The Colorado companies customers include “leading aerospace contractors”, Nasa, the US Air Force and various US Department of Defense organisations.
Advanced Solutions is Rocket Lab’s second major acquisition in space services, following its purchase of Canadian satellite component maker Sinclair Interplanetary for an undisclosed sum in April last year to bolster its “Photon” platform for placing satellites into the right orbit around the Earth, or ferrying them between planets.
Later this year, a Rocket Lab Photo will take a Nasa satellite into lunar orbit. In 2024, a Nasa rocket will take two Rocket Lab designed and built Photons into orbit around Mars.
CEO Peter Beck hints that more acquisitions are likely.
“We’ll continue to assess opportunities for organic and inorganic growth across the business where it makes sense,” the founder told the Herald overnight.
Earlier, in the wake of his company’s Nasdaq debut Beck told the Herald that as well as development of his company’s much larger Neutron rocket, some of the US$750m raised through the listing would be used for acquisitions.
“We have a very strong thesis around mergers and acquisitions,” Beck said.
“So we’re looking to do more of that. So watch this space. Satellites and space systems is certainly an area that we’re keen to focus more on.”
The space transport industry, currently crowded by dozens of startups, was ripe for consolidation, Beck said.
A busy post-listing period has included the announcement that Rocket Lab has secured US$24.35m ($34m) from the US Air Force’s new Space Force division to develop the upper stage of its Neutron rocket – part of a Congressionally-approved process that also saw the Kiwi-American company enter the inner-circle of companies approved for top-level security and defence missions.
A string of new contracts has included Nasa selecting Rocket Lab to launch a demonstrator for its Advanced Composite Solar Sail System.

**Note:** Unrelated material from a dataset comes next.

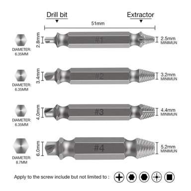 Monipuolinen sovellus: Ruuvinpoistosarja on uskomattoman monipuolinen, sopii ruuvien poistamiseen puusta, metallista tai muovista. Olitpa tekemisissä ruostuneen ruuvin kanssa autossa, kuluneen ruuvin kanssa huonekalussa tai katkenneen ruuvin kanssa elektronisessa laitteessa, tämä sarja kattaa sinut. Sarjaan sisältyvät eri koot varmistavat yhteensopivuuden monenlaisten ruuvityyppien ja -kokojen kanssa. Hiiliteräsrakenne tarjoaa tarvittavan kovuuden tarttua ja poistaa jopa itsepäisimmät ruuvit. Tämä sarja on täydellinen sekä ammattilaisille että tee-se-itse-harrastajille. Kaksipäinen muotoilu yksinkertaistaa prosessia, jolloin voit porata ja poistaa samalla työkalulla. Tämä ruuvinpoistosarja on yhteensopiva sähköporakoneiden kanssa.

Rocket Lab’s aim is for space systems to generate 40 per cent of its revenue by 2027 – a year in which it has forecast operating earnings of US$505m on US$1.57b turnover.
It has projected a series of losses in the near term, which was the case last month as the company reported a net loss of US$32.5 million for the six months to June 30, 2021, versus its US$23.5m loss for the same period last year.
But investors like that revenue grew from US$8.8m in the first half of 2020 to US$29.5m.
And that the company said its pipeline of advance work had grown from a year-ago US$59.9m to US$127m.
Since it reverse-listed on the Nasdaq at US$10.00 share on August 26, Rocket Lab’s shares have been volatile, matching the big swings of its peers in the emerging space transportation sector.
Its stock has traded as high as US$20.72 but has recently been easing back and closed today at US$13.25 for a US5.93b market cap.